K-fold Cross Validation | Machine Learning


In this tutorial, we are going to learn the K-fold cross-validation technique and implement it in Python.

While building machine learning models, we randomly split the dataset into training and test sets where a maximum percentage of the data is taken into the training set. Though the test dataset is small, there is still some chance that we left some important data in there that might have improved the model. And there is a problem of high variance in the training set. To solve this, problems we use the idea of K-fold cross-validation.

Cross-validation is a technique that is used to evaluate machine learning models by resampling the training data for improving performance.

In K-fold Cross-Validation, the training set is randomly split into K(usually between 5 to 10) subsets known as folds. Where K-1 folds are used to train the model and the other fold is used to test the model. This technique improves the high variance problem in a dataset as we are randomly selecting the training and test folds.

24_1_k-fold_cross_validation


The steps required to perform K-fold cross-validation are given below-
Step 1: Split the entire data randomly in k folds(usually between 5 to 10). The higher number of splits leads to less biased model.
Step 2: Then fit the model with k-1 folds and test it with the remaining Kth fold. Record the performance metric.
Step 3: Repeat step 2 until every k-fold serves as the test set.
Step 4: Take the average of all the recorded scores. This will serve as the final performance metric of your model.

K-fold cross-validation in Python: Now, we will implement this technique to validate our machine learning model. For this task, we will use "Social_Network_Ads.csv" dataset. We will implement the K-fold cross-validation technique to improve our Kernel SVM classification model.

 You can download the dataset from here.

First of all, we need to import some essential libraries.

# Importing the libraries
import numpy as np
import matplotlib.pyplot as plt
import pandas as pd

Now, we will import the dataset and make the feature matrix X and the dependent variable vector y.

# Importing the dataset
dataset = pd.read_csv('Social_Network_Ads.csv')
X = dataset.iloc[:, [2, 3]].values
y = dataset.iloc[:, 4].values

Now, we will split the dataset into training and test sets.

# Splitting the dataset into the Training set and Test set
from sklearn.model_selection import train_test_split
X_train, X_test, y_train, y_test = train_test_split(X, y, test_size = 0.25, random_state = 0)

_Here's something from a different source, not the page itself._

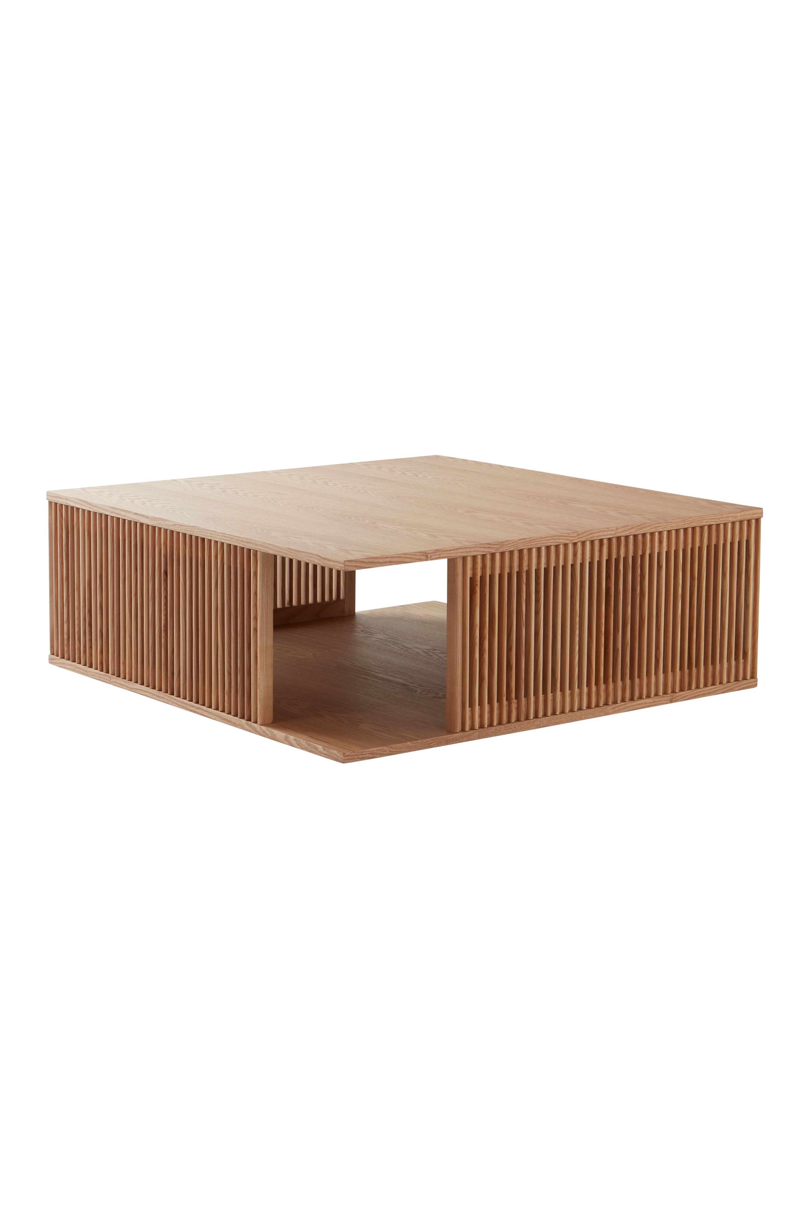 Neliönmuotoinen sohvapöytä, jossa pystysuorat massiivisaarnirimat ympäriinsä. Pöytälevy ja runko saarniviilutettua MDF-levyä. Pöytä luo luonnollista tunnelmaa skandinaavisella, aavistuksen retrohenkisellä tyylillään. Kauniissa saarnirimoissa on pyöristetyt reunat, ja rimojen välissä on pieni rako. Jokaisella sivulla on aukko, joten voit käyttää pöydän alustaa säilytystilana.

We, need to feature scale our training and test sets for an improved result.

# Feature Scaling
from sklearn.preprocessing import StandardScaler
sc = StandardScaler()
X_train = sc.fit_transform(X_train)
X_test = sc.transform(X_test)

Now, we will fit Kernel SVM to our training set and predict how it performs on the test set. 

# Fitting Kernel SVM to the Training set
from sklearn.svm import SVC
classifier = SVC(kernel = 'rbf', random_state = 0)
classifier.fit(X_train, y_train)

# Predicting the Test set results
y_pred = classifier.predict(X_test)


To calculate the accuracy of our Kernel SVM model we will build the confusion matrix.

# Making the Confusion Matrix
from sklearn.metrics import confusion_matrix
cm = confusion_matrix(y_test, y_pred)

 Let's see how accurate our model is      

                                              24_2_K_fold_Cross_Validation_(2)


From the above matrix, we can see that the accuracy of our Kernel SVM model is 93%

Now, let's see how we can improve the performance metric of our model using K-fold cross-validation with k = 10 folds. 

# Applying k-Fold Cross Validation
from sklearn.model_selection import cross_val_score
accuracies = cross_val_score(estimator = classifier, X = X_train, y = y_train, cv = 10)
accuracies.mean()
accuracies.std()


Let's see the accuracies for all the folds.


                                                                                                           24_5_K_fold_Cross_Validation

The mean value for the accuracies is 90% with a mean deviation of 6%. That means our model is accurate for 96% or 84% time.